Hope you guys can help me.

 

This is the situation.

I have a rather big XML file (13Mb - 4100 lines) where I need to search for data in the text elements using regex patterns.

To do so, I parse the file with XMLReader (http://www.php.net/XMLReader).

I have tried to use DOMDocument (http://www.php.net/m...domdocument.php), which I prefer, but it really is too slow.

 

The script runs really well as it returns me all the matches without any issue and very very fast.
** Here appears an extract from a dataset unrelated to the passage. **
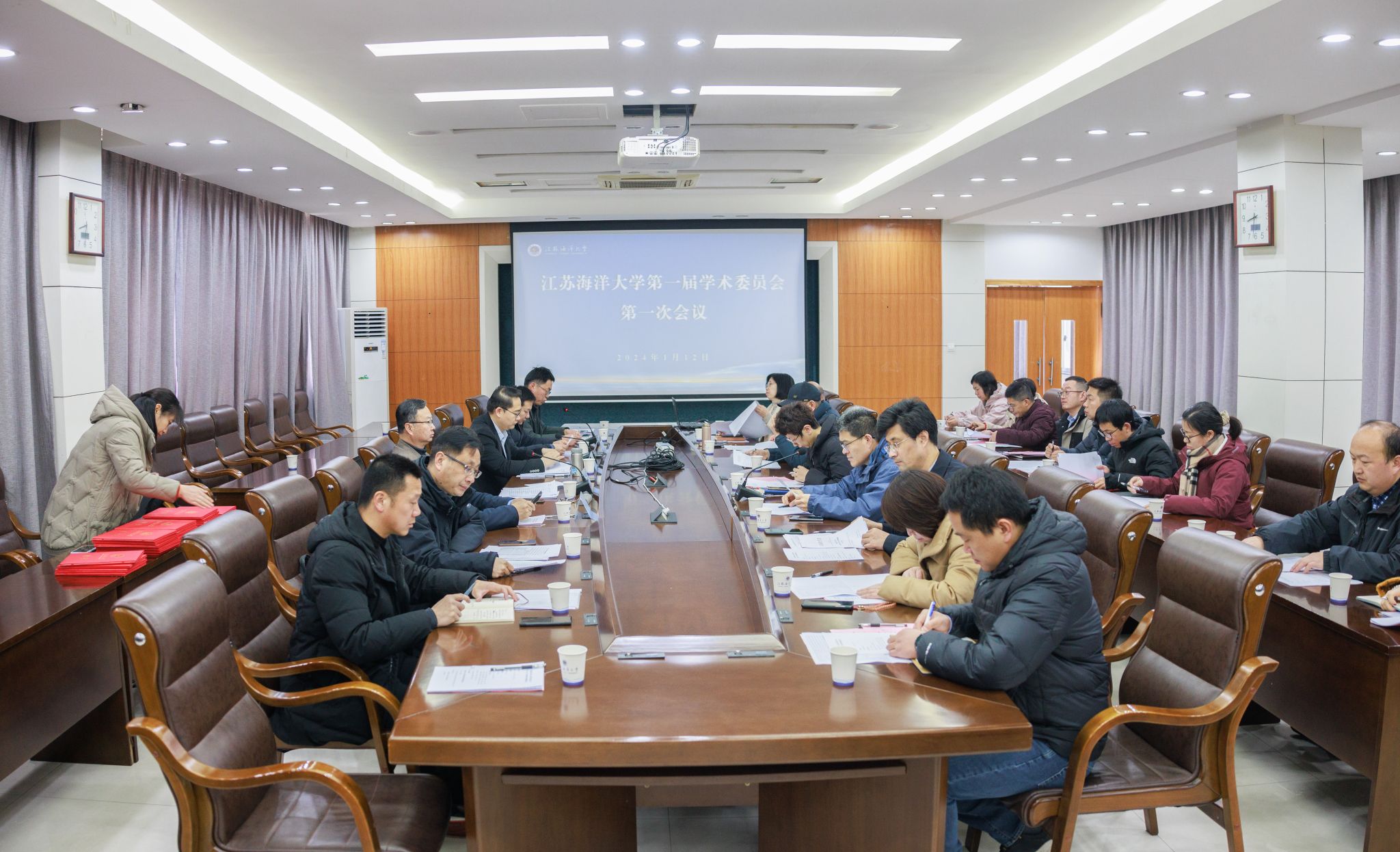 1月12日,江苏海洋大学第一届学术委员会第一次会议在文渊楼二楼会议室召开。校长宁晓明,副校长申欣、马廷淮、徐军田出席会议,校新一届学术委员会委员,党委组织部部长、研究生院院长陈书法以及研究生院、马卡洛夫海洋工程学院有关负责人参加会议。科学技术处处长戴红伟主持会议。

BUT, I need to know the exact Xpath of every matched node and, surprisingly, XMLReader does not come with a XPath attribute or metod.

 

So, basically, what I am searching for is a effective (speed is important) way to get to know the XPath of any node parsed with XMLReader...

Any suggestions ?

 

Thanks for your time and feedback.

Link to comment
https://forums.phpfreaks.com/topic/274397-xmlreader-xpath/
Share on other sites

You could use XMLReader's expand() method to get a DOM version of the node. Then use the DOMNode base-class's method getNodePath() to return its location path.

 

Note that this will give different location paths than if you were to use SimpleXML/DOM, which load the entire document. The XMLReader -> DOM -> getNodePath will not include positional information (e.g. /example/something[3]), whereas (optionally, SimpleXML ->) DOM -> getNodePath will include it. Hopefully you can see why XMLReader won't know that positional information.

Link to comment
https://forums.phpfreaks.com/topic/274397-xmlreader-xpath/#findComment-1412021
Share on other sites

So you have told us you have a problem. Can you be more specific and show us what you are trying that doesn't work because, at present, I havn't a clue what you want.

 

It is very simple...

I've got an XML document that I need to parse node by node with XMLReader.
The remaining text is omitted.